**SUPPLIED MATERIAL:**
▼
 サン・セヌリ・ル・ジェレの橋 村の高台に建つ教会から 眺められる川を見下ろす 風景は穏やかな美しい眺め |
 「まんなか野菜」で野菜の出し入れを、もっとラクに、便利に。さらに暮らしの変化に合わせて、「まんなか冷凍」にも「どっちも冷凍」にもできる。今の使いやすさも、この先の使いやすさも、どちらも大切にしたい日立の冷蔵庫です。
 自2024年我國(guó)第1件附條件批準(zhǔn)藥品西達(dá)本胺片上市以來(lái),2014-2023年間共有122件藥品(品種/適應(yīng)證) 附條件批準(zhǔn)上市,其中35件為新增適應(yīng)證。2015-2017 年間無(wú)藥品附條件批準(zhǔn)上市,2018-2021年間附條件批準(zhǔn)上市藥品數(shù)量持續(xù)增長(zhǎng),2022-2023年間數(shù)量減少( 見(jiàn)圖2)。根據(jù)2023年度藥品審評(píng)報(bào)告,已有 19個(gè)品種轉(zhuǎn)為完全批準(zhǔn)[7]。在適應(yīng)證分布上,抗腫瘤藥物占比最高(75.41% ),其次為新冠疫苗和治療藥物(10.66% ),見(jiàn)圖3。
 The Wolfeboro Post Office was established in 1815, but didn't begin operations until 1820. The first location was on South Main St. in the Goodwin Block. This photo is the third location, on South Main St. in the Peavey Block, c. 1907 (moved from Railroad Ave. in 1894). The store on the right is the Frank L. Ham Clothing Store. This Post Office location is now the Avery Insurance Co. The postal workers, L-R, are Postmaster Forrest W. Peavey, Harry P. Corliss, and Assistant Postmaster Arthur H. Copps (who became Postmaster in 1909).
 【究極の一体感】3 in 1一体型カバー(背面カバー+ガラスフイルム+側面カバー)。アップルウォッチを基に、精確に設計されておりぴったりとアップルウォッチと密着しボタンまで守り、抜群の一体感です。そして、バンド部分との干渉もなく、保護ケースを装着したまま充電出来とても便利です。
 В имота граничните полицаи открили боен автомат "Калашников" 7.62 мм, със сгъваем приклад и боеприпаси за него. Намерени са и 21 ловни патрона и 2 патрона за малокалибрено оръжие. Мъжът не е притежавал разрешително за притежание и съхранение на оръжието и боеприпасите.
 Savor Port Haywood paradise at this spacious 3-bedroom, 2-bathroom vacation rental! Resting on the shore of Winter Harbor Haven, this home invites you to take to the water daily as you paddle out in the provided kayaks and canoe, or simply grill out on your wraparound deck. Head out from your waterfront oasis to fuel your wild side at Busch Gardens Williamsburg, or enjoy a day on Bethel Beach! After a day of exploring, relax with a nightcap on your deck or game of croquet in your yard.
▲
▼
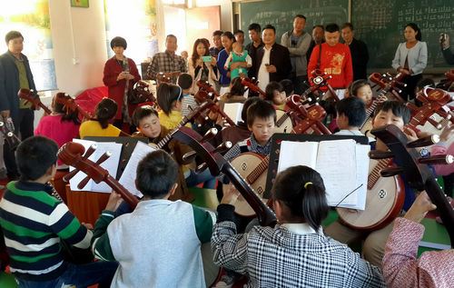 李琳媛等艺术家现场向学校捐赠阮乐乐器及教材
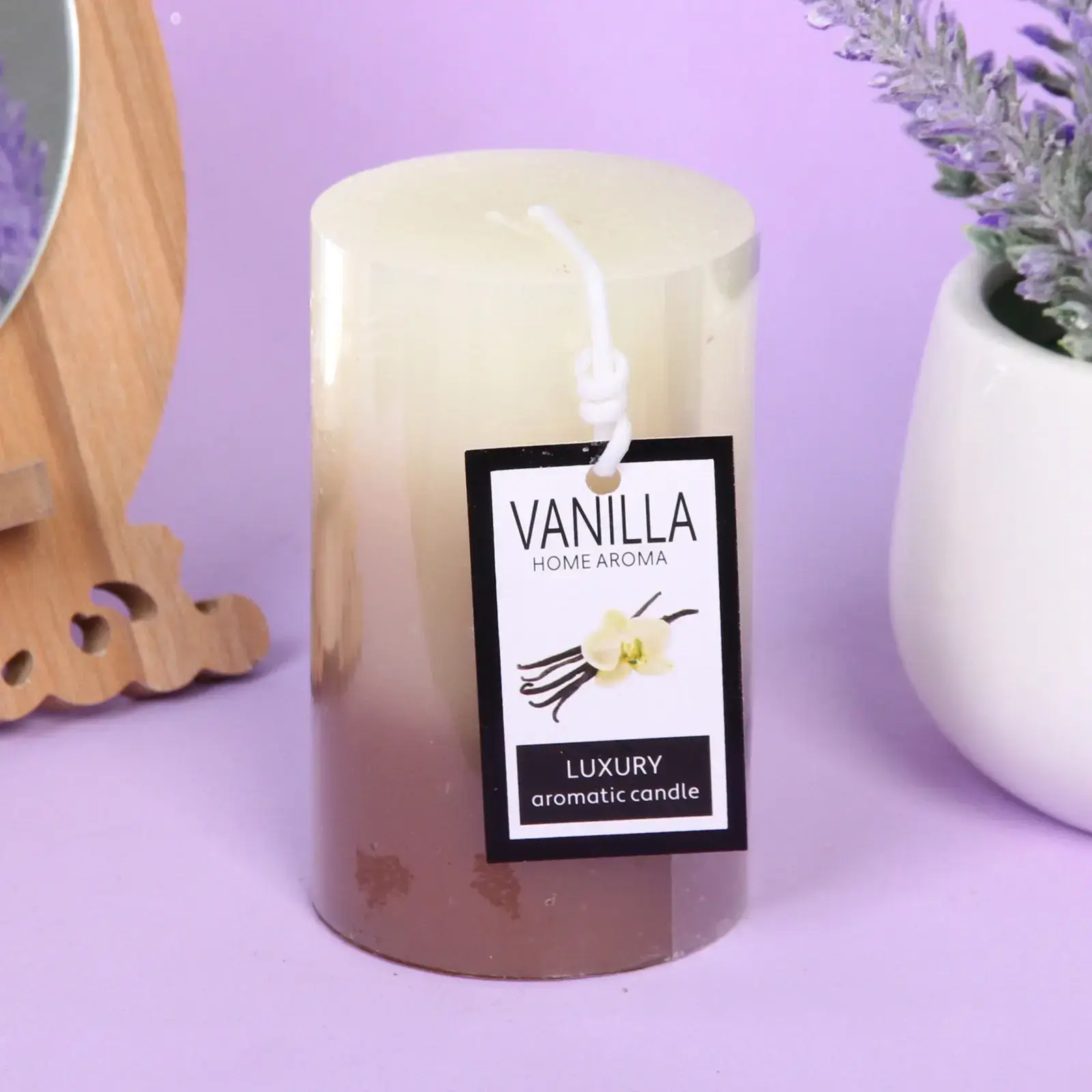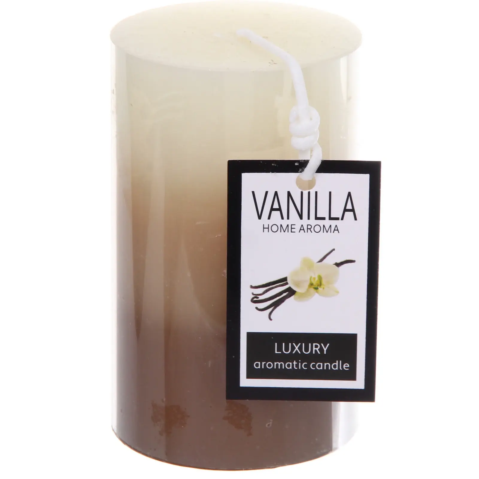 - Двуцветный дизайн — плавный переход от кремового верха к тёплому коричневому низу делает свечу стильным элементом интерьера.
▲
**BRIEF:**
Look above for the line holding "サン・セヌリ・ル・ジェレの橋 村の高台に建つ教会から 眺められる川を見下ろす". Print it and every line after it, exactly, through the line holding "В имота граничните".

**PROBLEM SOLUTION:**
 サン・セヌリ・ル・ジェレの橋 村の高台に建つ教会から 眺められる川を見下ろす 風景は穏やかな美しい眺め |
 「まんなか野菜」で野菜の出し入れを、もっとラクに、便利に。さらに暮らしの変化に合わせて、「まんなか冷凍」にも「どっちも冷凍」にもできる。今の使いやすさも、この先の使いやすさも、どちらも大切にしたい日立の冷蔵庫です。
 自2024年我國(guó)第1件附條件批準(zhǔn)藥品西達(dá)本胺片上市以來(lái),2014-2023年間共有122件藥品(品種/適應(yīng)證) 附條件批準(zhǔn)上市,其中35件為新增適應(yīng)證。2015-2017 年間無(wú)藥品附條件批準(zhǔn)上市,2018-2021年間附條件批準(zhǔn)上市藥品數(shù)量持續(xù)增長(zhǎng),2022-2023年間數(shù)量減少( 見(jiàn)圖2)。根據(jù)2023年度藥品審評(píng)報(bào)告,已有 19個(gè)品種轉(zhuǎn)為完全批準(zhǔn)[7]。在適應(yīng)證分布上,抗腫瘤藥物占比最高(75.41% ),其次為新冠疫苗和治療藥物(10.66% ),見(jiàn)圖3。
 The Wolfeboro Post Office was established in 1815, but didn't begin operations until 1820. The first location was on South Main St. in the Goodwin Block. This photo is the third location, on South Main St. in the Peavey Block, c. 1907 (moved from Railroad Ave. in 1894). The store on the right is the Frank L. Ham Clothing Store. This Post Office location is now the Avery Insurance Co. The postal workers, L-R, are Postmaster Forrest W. Peavey, Harry P. Corliss, and Assistant Postmaster Arthur H. Copps (who became Postmaster in 1909).
 【究極の一体感】3 in 1一体型カバー(背面カバー+ガラスフイルム+側面カバー)。アップルウォッチを基に、精確に設計されておりぴったりとアップルウォッチと密着しボタンまで守り、抜群の一体感です。そして、バンド部分との干渉もなく、保護ケースを装着したまま充電出来とても便利です。
 В имота граничните полицаи открили боен автомат "Калашников" 7.62 мм, със сгъваем приклад и боеприпаси за него. Намерени са и 21 ловни патрона и 2 патрона за малокалибрено оръжие. Мъжът не е притежавал разрешително за притежание и съхранение на оръжието и боеприпасите.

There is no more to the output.